2024 note: Hex is now hiring AI Engineers.
Due to Bryan’s very wide ranging experience in data science and AI across Blue Bottle (!), StitchFix, Weights & Biases, and now Hex Magic, this episode can be considered a two-parter.
Notebooks = Chat++
We’ve talked a lot about AI UX (in our meetups, writeups, and guest posts), and today we’re excited to dive into a new old player in AI interfaces: notebooks!
Depending on your background, you either Don’t Like or you Like notebooks — they are the most popular example of Knuth’s Literate Programming concept, basically a collection of cells; each cell can execute code, display it, and share its state with all the other cells in a notebook. They can also simply be Markdown cells to add commentary to the analysis.
Notebooks have a long history but most recently became popular from iPython evolving into Project Jupyter, and a wave of notebook based startups from Observable to DeepNote and Databricks sprung up for the modern data stack.

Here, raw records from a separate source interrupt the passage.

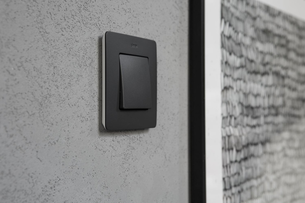 Łącznik pojedynczy w grafitowej ramce dekoracyjnej Simon 82 Detail z białą podstawą.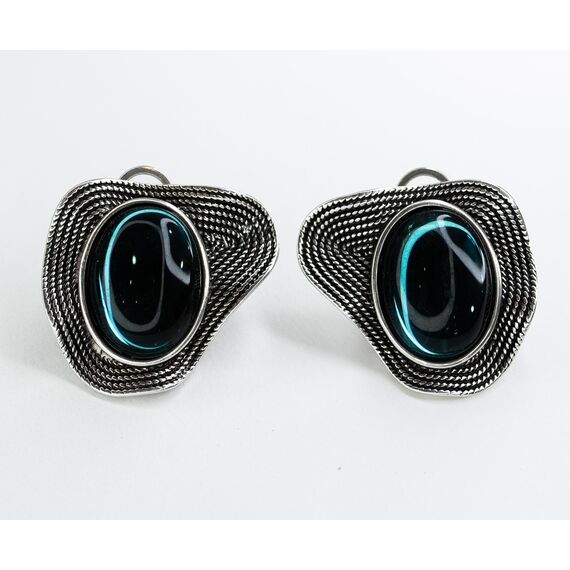 Серьги из гипоаллергенного ювелирного сплава серого цвета Вставка-улексит (кошачий глаз) ,цвет- лондон блю..Итальянский замок (швенза-1,2см и застежка-клипса). Высота серег-3см. ширина-3см.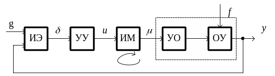 Указываются также обозначения основных переменных системы управления: g – закон управления, y – управляемая переменная (выход объекта и системы); u – управляющее воздействие (информационная компонента); - управляющее воздействие (энергетическая компонента); – отклонение управляемой переменной от заданного значения; f – возмущающее воздействие среды.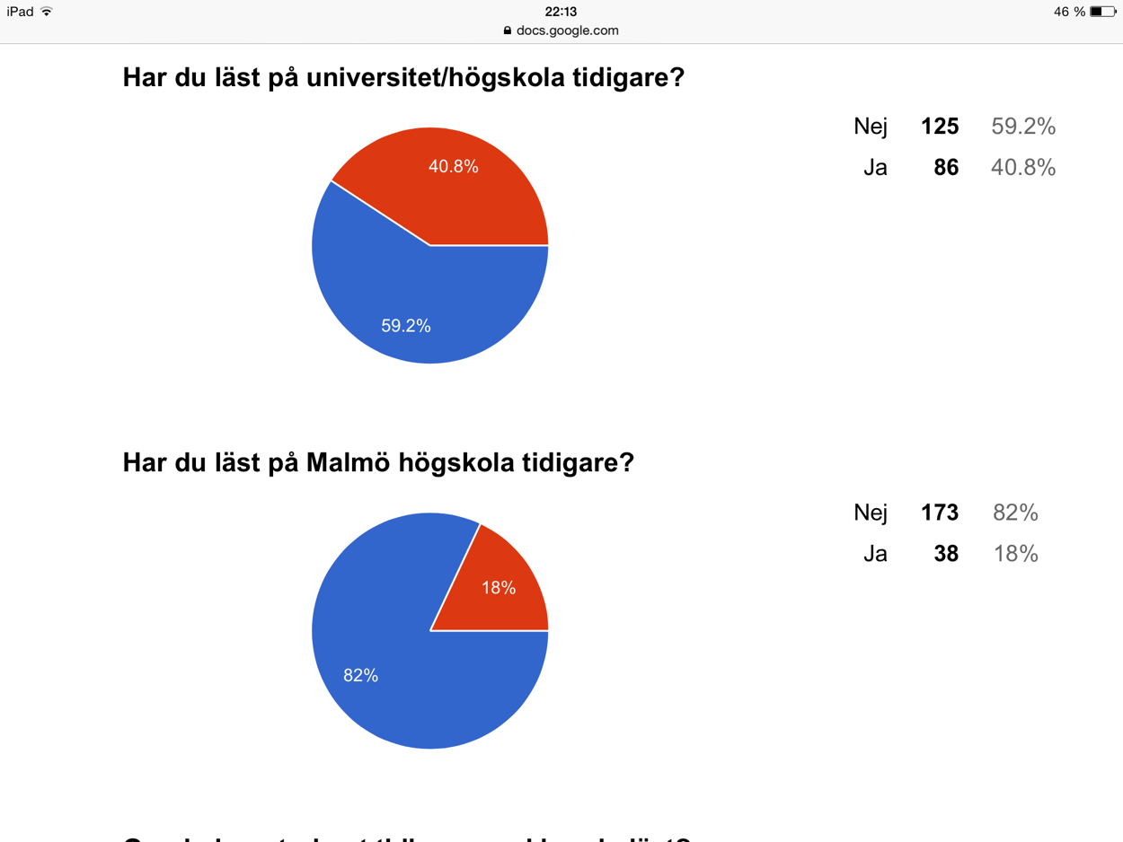 Vi har gjort en ganska ambitiös kartläggning av våra nya studentet med närmast 100% svarsfrekvens.

The first wave of AI applications has been very chat focused (ChatGPT, Character.ai, Perplexity, etc). Chat as a user interface has a few shortcomings, the major one being the inability to edit previous messages. We enjoyed Bryan’s takes on why notebooks feel like “Chat++” and how they are building Hex Magic:
* Atomic actions vs Stream of consciousness: in a chat interface, you make corrections by adding more messages to a conversation (i.e. “Can you try again by doing X instead?” or “I actually meant XYZ”). The context can easily get messy and confusing for models (and humans!) to follow. Notebooks’ cell structure on the other hand allows users to go back to any previous cells and make edits without having to add new ones at the bottom.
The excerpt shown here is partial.